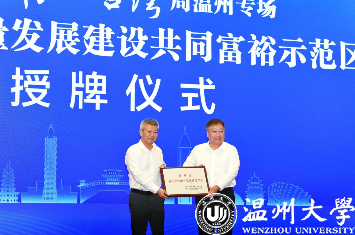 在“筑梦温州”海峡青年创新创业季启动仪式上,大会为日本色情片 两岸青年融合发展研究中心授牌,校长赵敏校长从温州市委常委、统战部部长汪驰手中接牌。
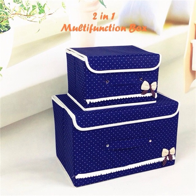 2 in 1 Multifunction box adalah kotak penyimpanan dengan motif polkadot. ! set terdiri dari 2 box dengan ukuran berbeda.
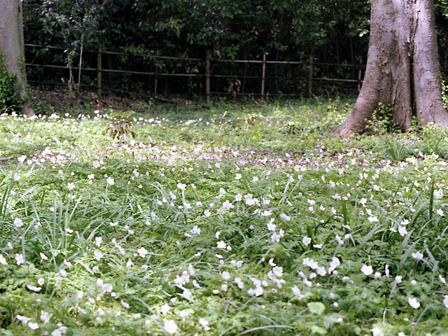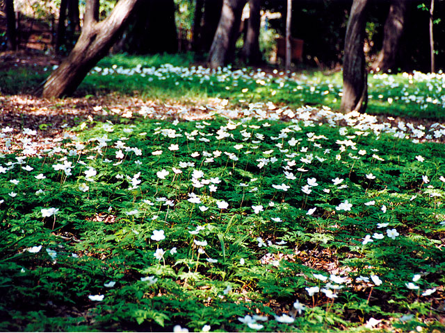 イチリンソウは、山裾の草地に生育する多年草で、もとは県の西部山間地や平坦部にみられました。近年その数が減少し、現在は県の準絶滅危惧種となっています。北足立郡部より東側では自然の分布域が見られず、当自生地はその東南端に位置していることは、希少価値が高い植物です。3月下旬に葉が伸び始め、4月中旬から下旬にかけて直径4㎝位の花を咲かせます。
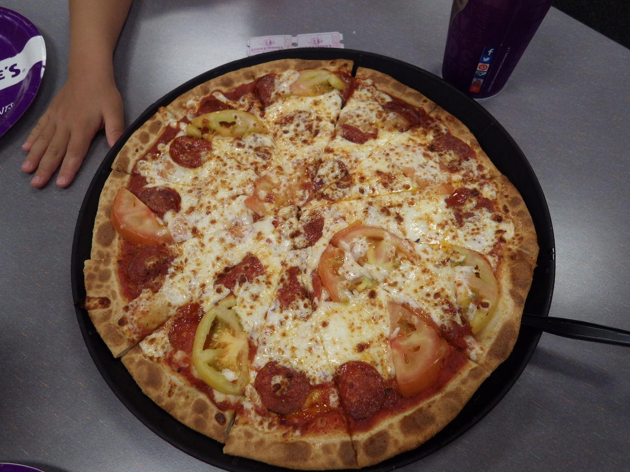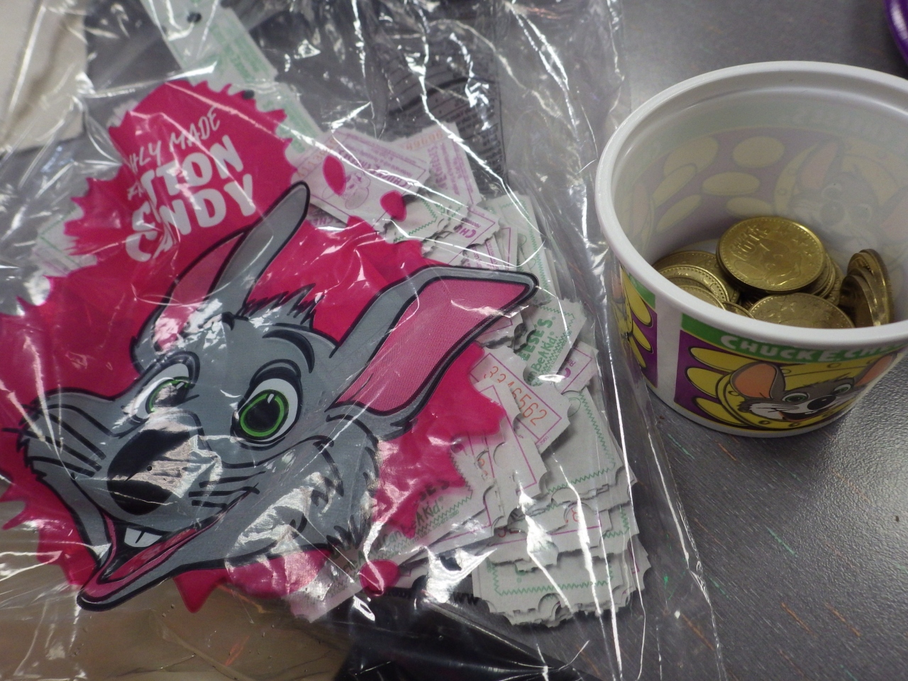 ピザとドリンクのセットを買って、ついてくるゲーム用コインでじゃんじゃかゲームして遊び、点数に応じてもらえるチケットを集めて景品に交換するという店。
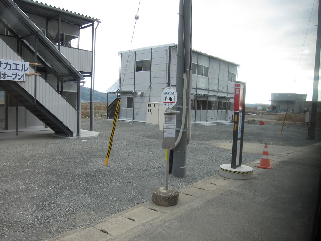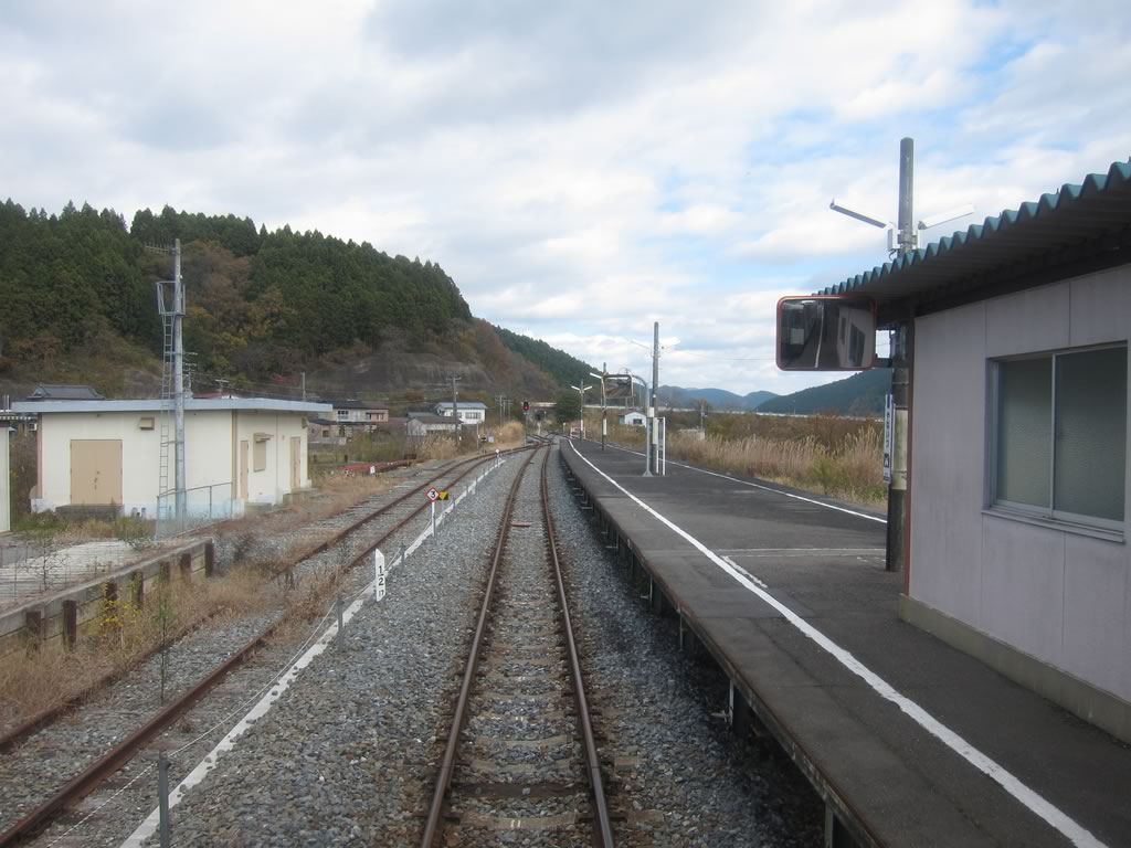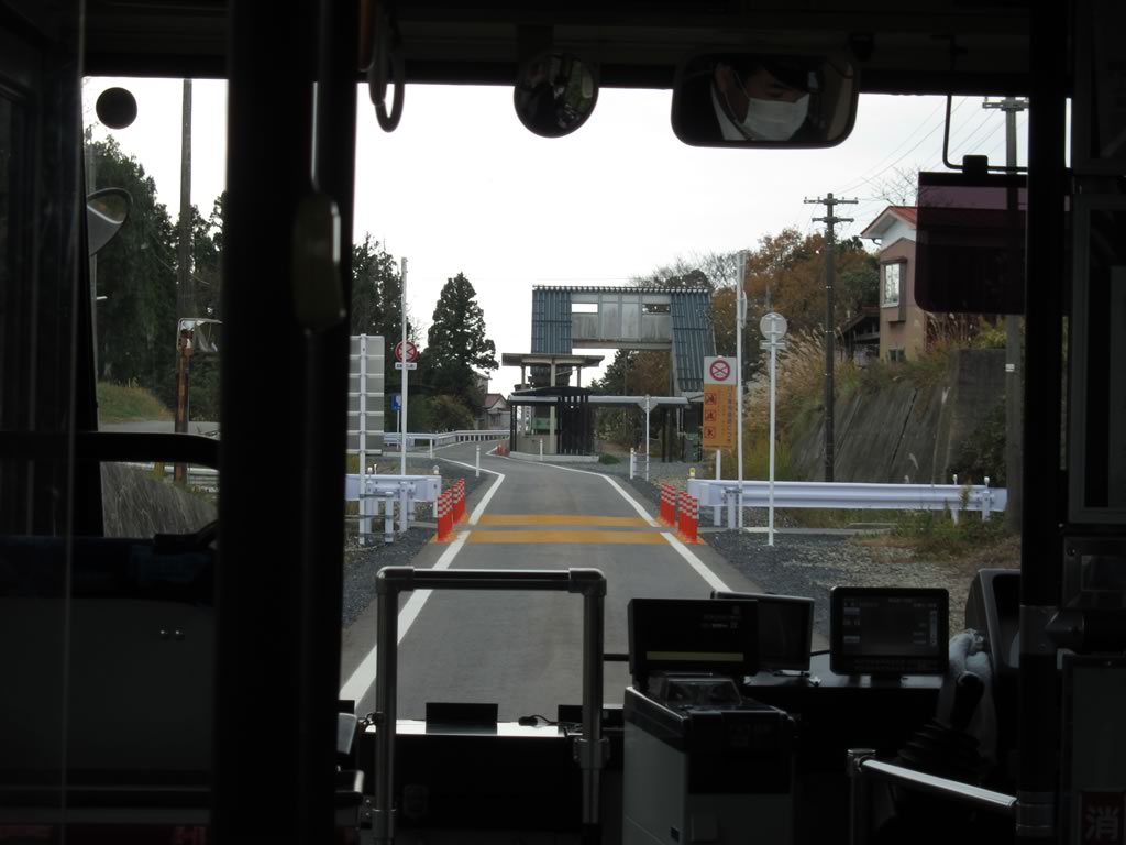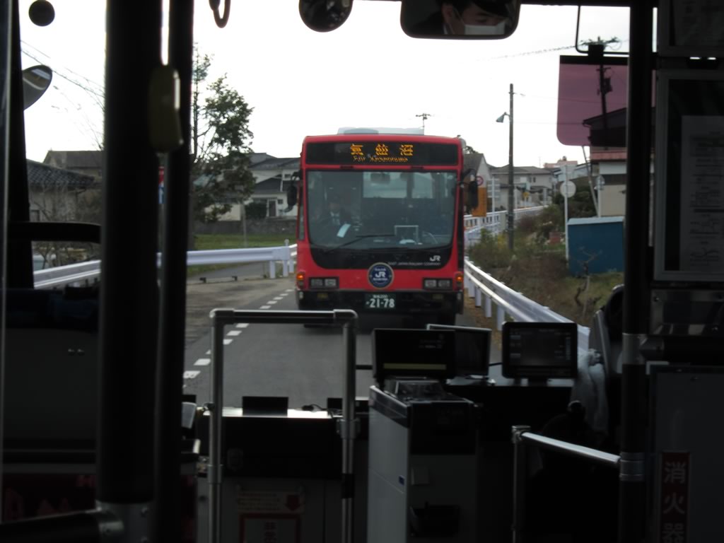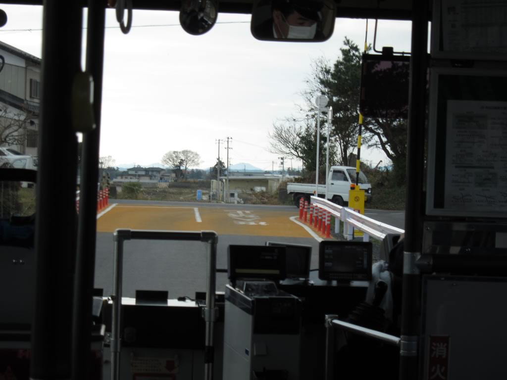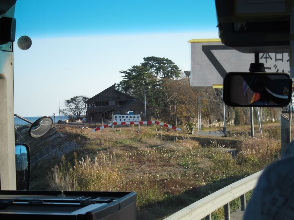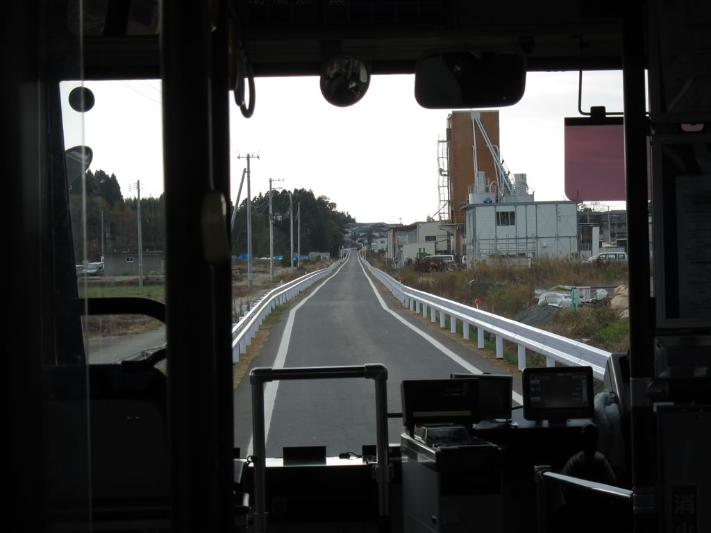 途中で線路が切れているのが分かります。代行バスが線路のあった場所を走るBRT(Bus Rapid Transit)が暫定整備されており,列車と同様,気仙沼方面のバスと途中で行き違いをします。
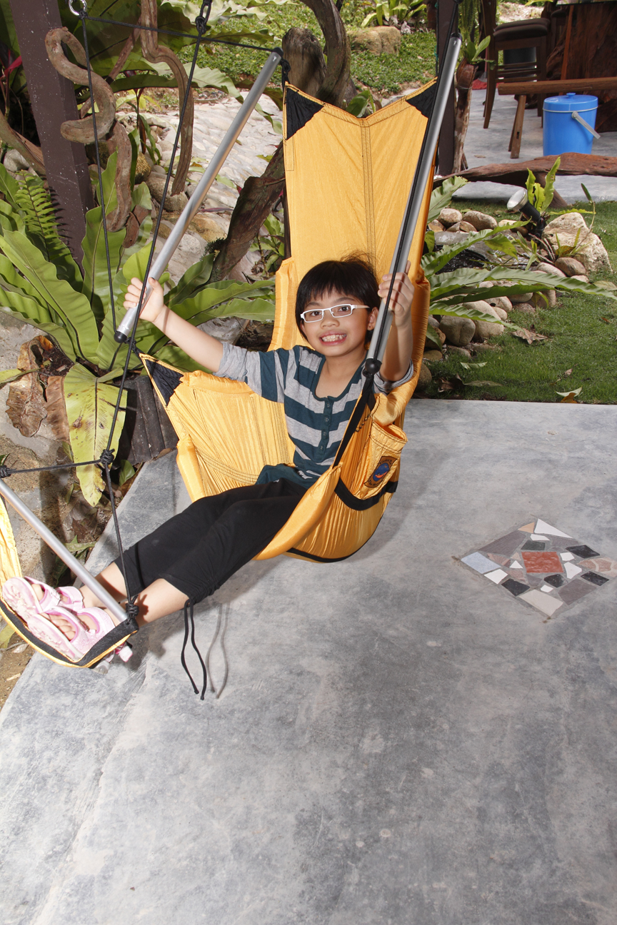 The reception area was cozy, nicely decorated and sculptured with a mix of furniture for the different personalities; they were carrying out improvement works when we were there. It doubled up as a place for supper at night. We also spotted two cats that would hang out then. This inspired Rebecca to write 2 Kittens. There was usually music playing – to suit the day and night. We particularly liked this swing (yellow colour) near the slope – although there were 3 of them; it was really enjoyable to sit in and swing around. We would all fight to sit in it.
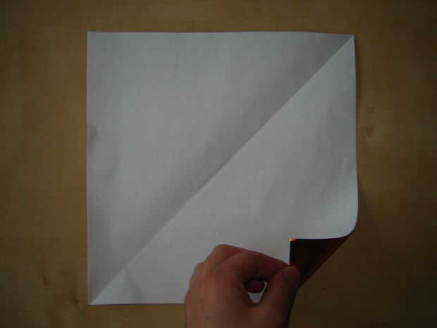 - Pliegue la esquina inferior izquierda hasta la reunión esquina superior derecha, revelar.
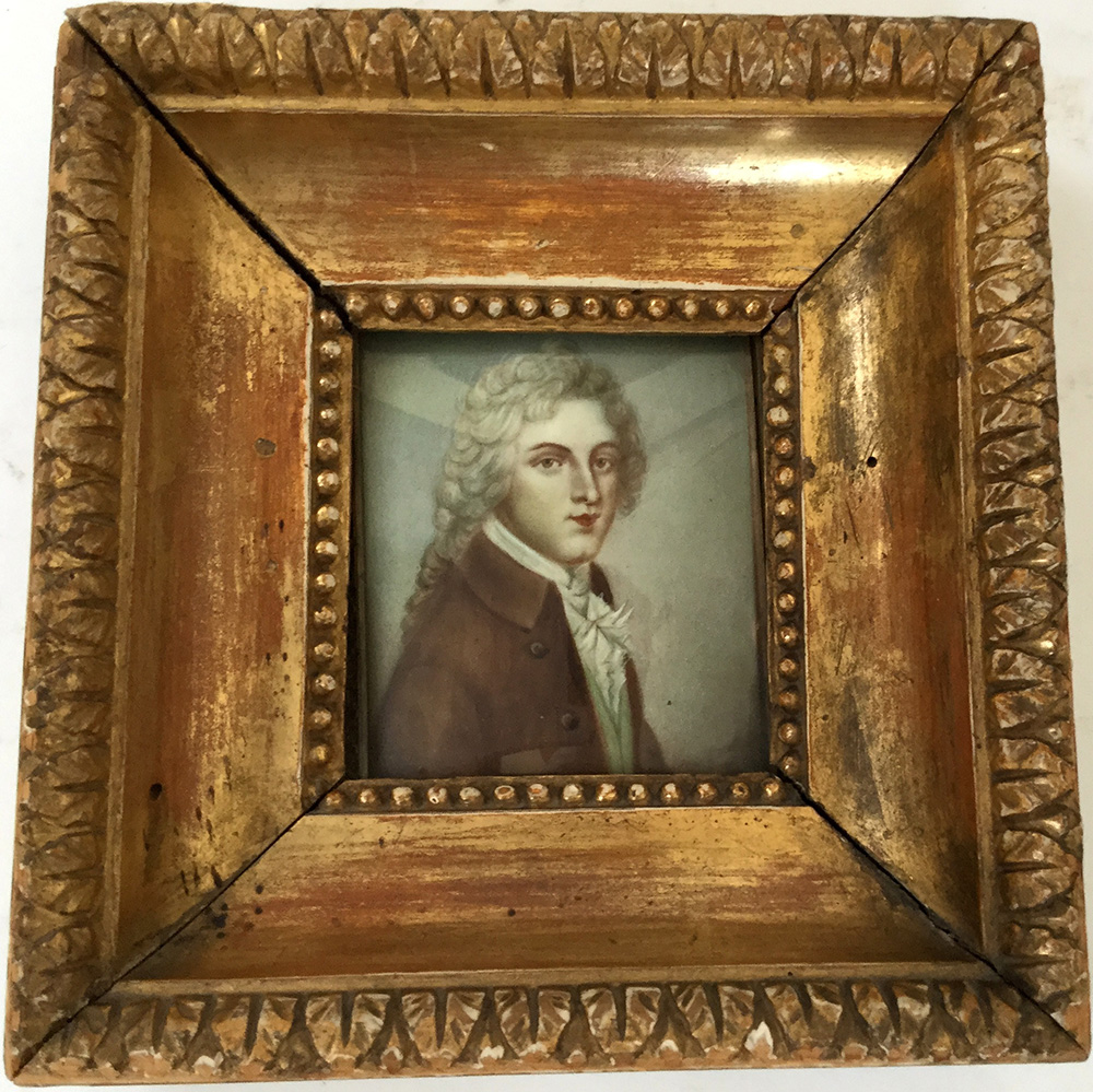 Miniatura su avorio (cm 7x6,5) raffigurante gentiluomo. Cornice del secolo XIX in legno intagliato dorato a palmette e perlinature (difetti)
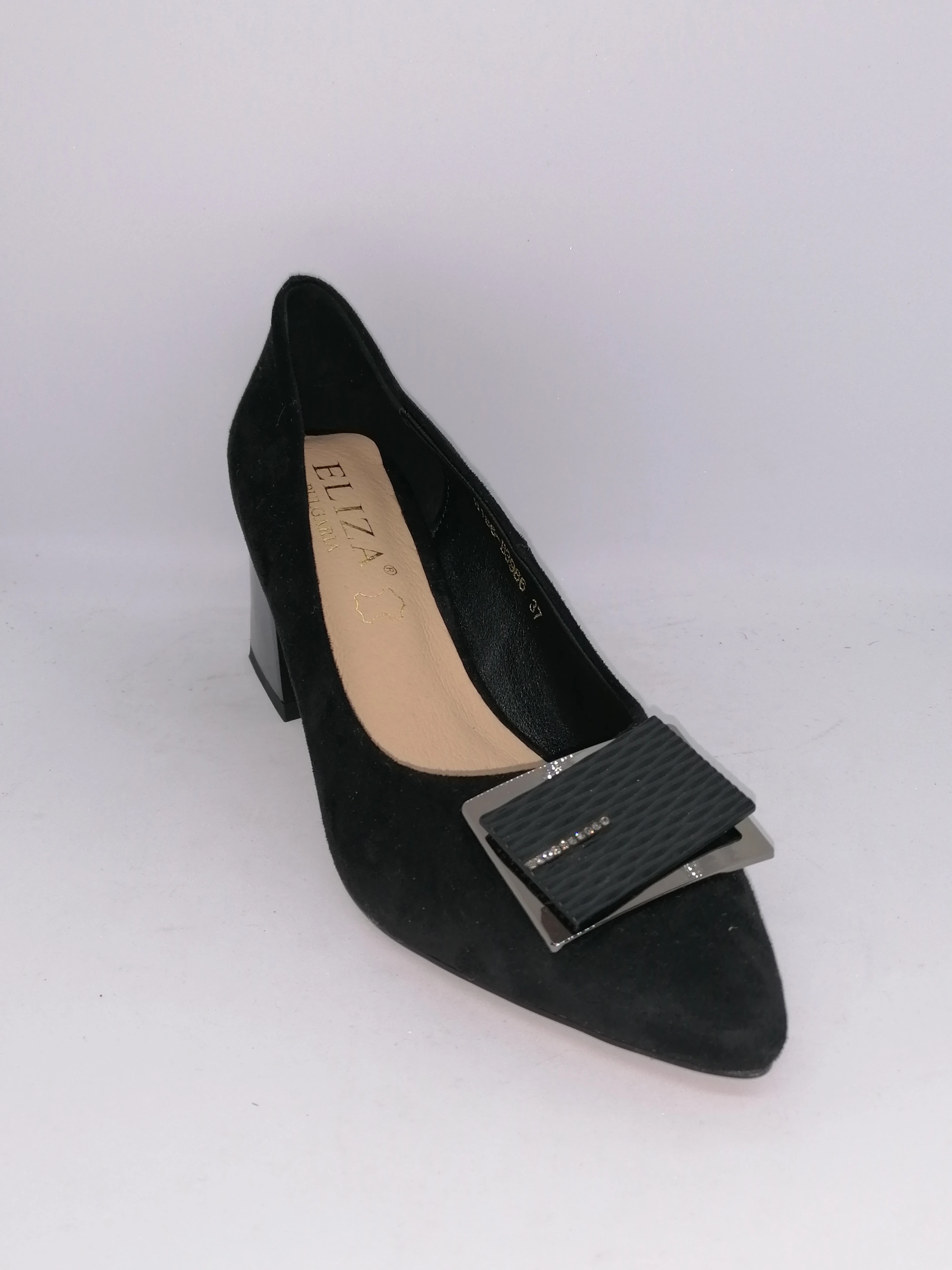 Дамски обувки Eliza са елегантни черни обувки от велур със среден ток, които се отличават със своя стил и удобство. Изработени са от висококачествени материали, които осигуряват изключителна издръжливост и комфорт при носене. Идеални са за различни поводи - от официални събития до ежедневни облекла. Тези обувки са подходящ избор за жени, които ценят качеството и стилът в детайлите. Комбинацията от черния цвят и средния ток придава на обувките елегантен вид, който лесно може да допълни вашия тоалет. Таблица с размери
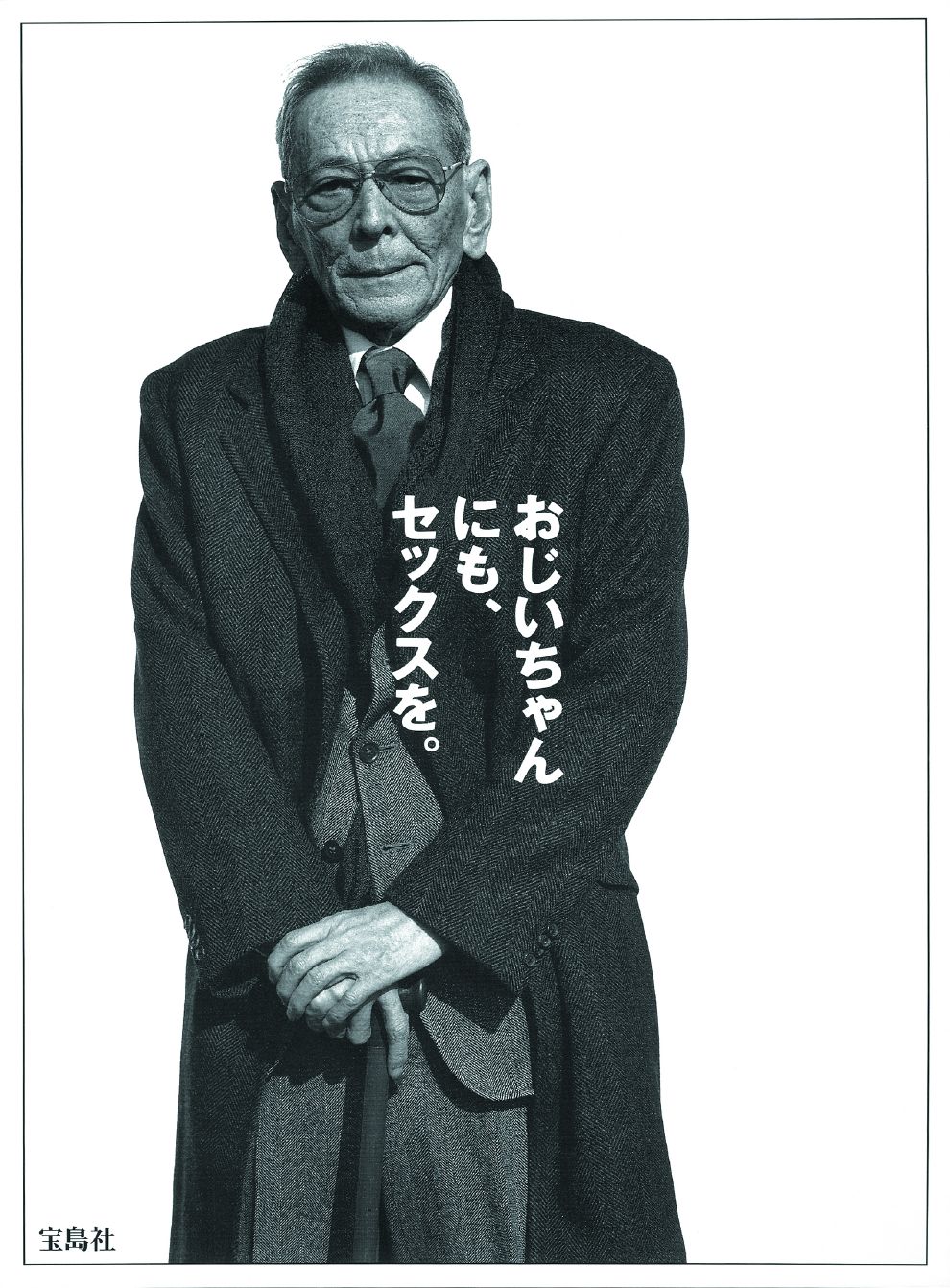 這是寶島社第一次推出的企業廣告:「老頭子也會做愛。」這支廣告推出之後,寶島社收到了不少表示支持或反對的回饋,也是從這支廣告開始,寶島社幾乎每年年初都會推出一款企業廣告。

· · · · ·

* _AIM OF THE TASK_:
In the data above, find the line with "2 in 1 Multifunction" and the line with "Miniatura su avorio". Please copy exactly those two lines and every line between them, but not the pictures.

* _YOUR RESPONSE_:
 2 in 1 Multifunction box adalah kotak penyimpanan dengan motif polkadot. ! set terdiri dari 2 box dengan ukuran berbeda.
 イチリンソウは、山裾の草地に生育する多年草で、もとは県の西部山間地や平坦部にみられました。近年その数が減少し、現在は県の準絶滅危惧種となっています。北足立郡部より東側では自然の分布域が見られず、当自生地はその東南端に位置していることは、希少価値が高い植物です。3月下旬に葉が伸び始め、4月中旬から下旬にかけて直径4㎝位の花を咲かせます。
 ピザとドリンクのセットを買って、ついてくるゲーム用コインでじゃんじゃかゲームして遊び、点数に応じてもらえるチケットを集めて景品に交換するという店。
 途中で線路が切れているのが分かります。代行バスが線路のあった場所を走るBRT(Bus Rapid Transit)が暫定整備されており,列車と同様,気仙沼方面のバスと途中で行き違いをします。
 The reception area was cozy, nicely decorated and sculptured with a mix of furniture for the different personalities; they were carrying out improvement works when we were there. It doubled up as a place for supper at night. We also spotted two cats that would hang out then. This inspired Rebecca to write 2 Kittens. There was usually music playing – to suit the day and night. We particularly liked this swing (yellow colour) near the slope – although there were 3 of them; it was really enjoyable to sit in and swing around. We would all fight to sit in it.
 - Pliegue la esquina inferior izquierda hasta la reunión esquina superior derecha, revelar.
 Miniatura su avorio (cm 7x6,5) raffigurante gentiluomo. Cornice del secolo XIX in legno intagliato dorato a palmette e perlinature (difetti)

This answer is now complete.